### TASK ITEM
Using the data below, restate exactly every line from the one with "and restoration work." up to and including the one with "America the Beautiful". No picture belongs in it.

### AVAILABLE RECORDS
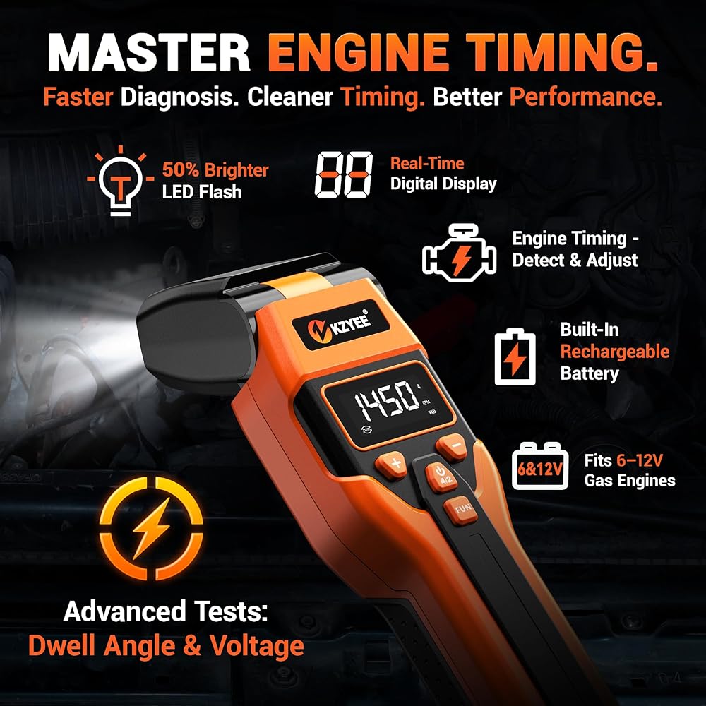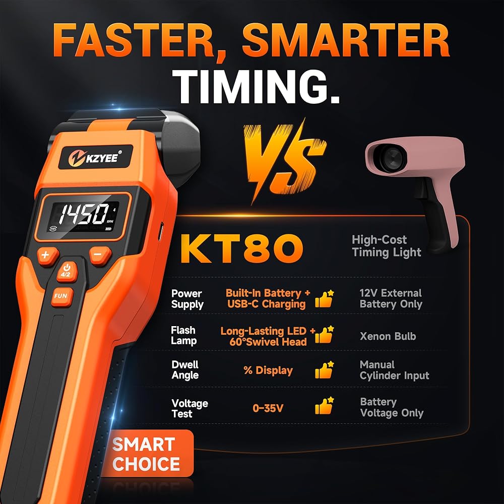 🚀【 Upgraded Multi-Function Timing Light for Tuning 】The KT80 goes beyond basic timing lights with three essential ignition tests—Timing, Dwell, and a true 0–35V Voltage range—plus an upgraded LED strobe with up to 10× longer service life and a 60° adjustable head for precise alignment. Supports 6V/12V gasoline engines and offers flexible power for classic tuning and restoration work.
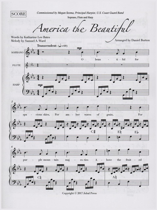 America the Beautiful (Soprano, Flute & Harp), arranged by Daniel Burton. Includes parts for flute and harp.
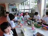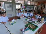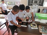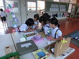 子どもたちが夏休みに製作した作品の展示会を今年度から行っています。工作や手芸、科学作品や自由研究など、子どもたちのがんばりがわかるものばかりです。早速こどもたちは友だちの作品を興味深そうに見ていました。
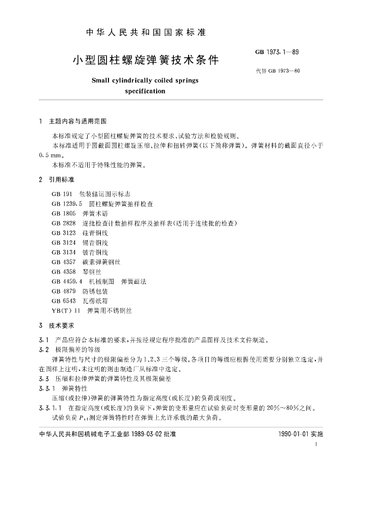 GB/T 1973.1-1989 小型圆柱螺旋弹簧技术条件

...

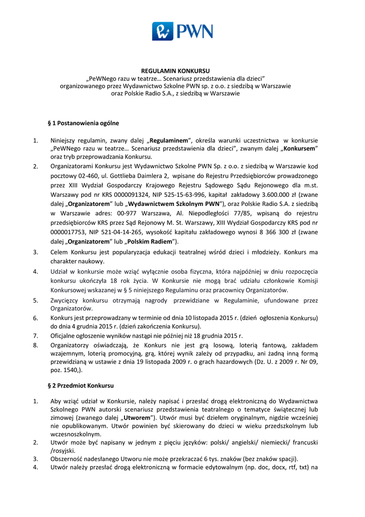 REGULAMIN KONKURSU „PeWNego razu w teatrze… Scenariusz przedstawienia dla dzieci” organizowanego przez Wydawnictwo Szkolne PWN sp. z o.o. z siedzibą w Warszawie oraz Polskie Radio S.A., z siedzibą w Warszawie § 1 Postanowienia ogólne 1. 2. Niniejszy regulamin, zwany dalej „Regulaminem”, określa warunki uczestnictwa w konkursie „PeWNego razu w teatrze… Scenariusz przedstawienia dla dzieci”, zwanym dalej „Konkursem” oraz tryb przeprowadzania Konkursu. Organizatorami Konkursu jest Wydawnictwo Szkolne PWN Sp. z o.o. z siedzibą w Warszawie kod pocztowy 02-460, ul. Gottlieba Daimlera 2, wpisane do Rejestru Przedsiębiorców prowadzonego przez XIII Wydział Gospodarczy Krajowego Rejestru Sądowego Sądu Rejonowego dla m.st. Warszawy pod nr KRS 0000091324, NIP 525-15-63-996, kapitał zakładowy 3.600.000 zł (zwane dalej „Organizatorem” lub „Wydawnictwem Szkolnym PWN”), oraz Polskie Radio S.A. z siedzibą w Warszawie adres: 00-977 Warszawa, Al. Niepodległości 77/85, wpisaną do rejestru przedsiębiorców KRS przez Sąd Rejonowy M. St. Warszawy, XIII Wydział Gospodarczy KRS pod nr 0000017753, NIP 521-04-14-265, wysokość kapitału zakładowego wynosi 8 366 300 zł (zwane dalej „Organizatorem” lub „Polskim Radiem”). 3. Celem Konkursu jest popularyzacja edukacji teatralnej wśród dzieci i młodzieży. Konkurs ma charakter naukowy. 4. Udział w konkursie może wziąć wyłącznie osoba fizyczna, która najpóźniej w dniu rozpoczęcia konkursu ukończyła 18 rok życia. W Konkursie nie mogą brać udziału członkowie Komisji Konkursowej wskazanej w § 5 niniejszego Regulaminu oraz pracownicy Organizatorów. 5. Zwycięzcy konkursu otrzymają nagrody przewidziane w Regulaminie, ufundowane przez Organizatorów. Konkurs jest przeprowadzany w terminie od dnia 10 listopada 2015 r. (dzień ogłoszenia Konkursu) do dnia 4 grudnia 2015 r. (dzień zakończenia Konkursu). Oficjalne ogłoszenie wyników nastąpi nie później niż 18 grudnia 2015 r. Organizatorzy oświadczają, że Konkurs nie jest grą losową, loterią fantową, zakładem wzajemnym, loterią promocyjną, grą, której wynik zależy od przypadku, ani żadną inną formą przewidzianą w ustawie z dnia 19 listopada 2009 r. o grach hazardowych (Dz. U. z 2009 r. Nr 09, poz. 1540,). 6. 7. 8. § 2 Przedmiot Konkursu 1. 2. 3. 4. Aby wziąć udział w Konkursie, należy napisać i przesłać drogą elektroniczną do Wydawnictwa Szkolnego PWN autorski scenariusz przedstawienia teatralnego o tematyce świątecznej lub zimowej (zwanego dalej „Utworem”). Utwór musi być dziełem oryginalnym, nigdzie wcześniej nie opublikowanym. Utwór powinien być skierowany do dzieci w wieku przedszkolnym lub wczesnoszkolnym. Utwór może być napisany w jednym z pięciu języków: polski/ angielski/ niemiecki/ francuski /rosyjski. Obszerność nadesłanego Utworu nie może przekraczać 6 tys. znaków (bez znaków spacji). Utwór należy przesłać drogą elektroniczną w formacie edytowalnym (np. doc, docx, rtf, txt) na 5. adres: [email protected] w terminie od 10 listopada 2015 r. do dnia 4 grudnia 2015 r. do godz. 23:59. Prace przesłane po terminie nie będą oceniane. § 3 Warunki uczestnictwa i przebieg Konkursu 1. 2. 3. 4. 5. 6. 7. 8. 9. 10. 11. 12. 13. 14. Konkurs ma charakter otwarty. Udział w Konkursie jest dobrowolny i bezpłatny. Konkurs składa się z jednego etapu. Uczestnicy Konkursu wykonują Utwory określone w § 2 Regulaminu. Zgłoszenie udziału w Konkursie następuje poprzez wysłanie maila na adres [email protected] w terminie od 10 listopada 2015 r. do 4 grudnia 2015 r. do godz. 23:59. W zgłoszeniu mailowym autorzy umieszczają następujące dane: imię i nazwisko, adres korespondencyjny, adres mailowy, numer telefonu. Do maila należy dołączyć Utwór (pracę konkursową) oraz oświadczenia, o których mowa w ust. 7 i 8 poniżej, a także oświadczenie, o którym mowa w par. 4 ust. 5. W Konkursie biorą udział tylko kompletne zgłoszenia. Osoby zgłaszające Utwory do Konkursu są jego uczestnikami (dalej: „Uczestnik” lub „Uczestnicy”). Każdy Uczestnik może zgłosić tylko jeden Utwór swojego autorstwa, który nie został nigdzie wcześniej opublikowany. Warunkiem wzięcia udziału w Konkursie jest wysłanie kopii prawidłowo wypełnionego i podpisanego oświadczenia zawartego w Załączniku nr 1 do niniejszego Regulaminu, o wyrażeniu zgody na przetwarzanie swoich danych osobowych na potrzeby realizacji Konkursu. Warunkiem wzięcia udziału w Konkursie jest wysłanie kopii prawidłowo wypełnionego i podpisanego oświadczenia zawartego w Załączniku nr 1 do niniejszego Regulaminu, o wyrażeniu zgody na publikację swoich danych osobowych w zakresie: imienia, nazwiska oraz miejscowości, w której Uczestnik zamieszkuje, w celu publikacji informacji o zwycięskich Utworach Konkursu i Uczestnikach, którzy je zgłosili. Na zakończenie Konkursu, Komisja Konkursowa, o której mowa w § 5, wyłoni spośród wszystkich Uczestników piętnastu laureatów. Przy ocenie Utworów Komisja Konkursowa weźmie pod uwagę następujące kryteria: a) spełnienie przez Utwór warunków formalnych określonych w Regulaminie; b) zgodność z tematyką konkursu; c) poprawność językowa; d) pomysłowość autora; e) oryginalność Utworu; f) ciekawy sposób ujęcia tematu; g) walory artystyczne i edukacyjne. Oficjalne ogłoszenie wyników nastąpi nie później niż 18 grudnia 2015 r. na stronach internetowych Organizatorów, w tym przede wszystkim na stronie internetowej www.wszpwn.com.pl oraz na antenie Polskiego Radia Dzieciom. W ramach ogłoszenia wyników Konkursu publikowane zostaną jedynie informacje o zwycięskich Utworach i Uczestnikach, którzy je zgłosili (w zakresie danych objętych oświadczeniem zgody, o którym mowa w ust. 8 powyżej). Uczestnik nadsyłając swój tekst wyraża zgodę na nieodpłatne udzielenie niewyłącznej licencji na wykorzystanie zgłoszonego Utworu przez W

### ANSWER BELOW
 🚀【 Upgraded Multi-Function Timing Light for Tuning 】The KT80 goes beyond basic timing lights with three essential ignition tests—Timing, Dwell, and a true 0–35V Voltage range—plus an upgraded LED strobe with up to 10× longer service life and a 60° adjustable head for precise alignment. Supports 6V/12V gasoline engines and offers flexible power for classic tuning and restoration work.
 America the Beautiful (Soprano, Flute & Harp), arranged by Daniel Burton. Includes parts for flute and harp.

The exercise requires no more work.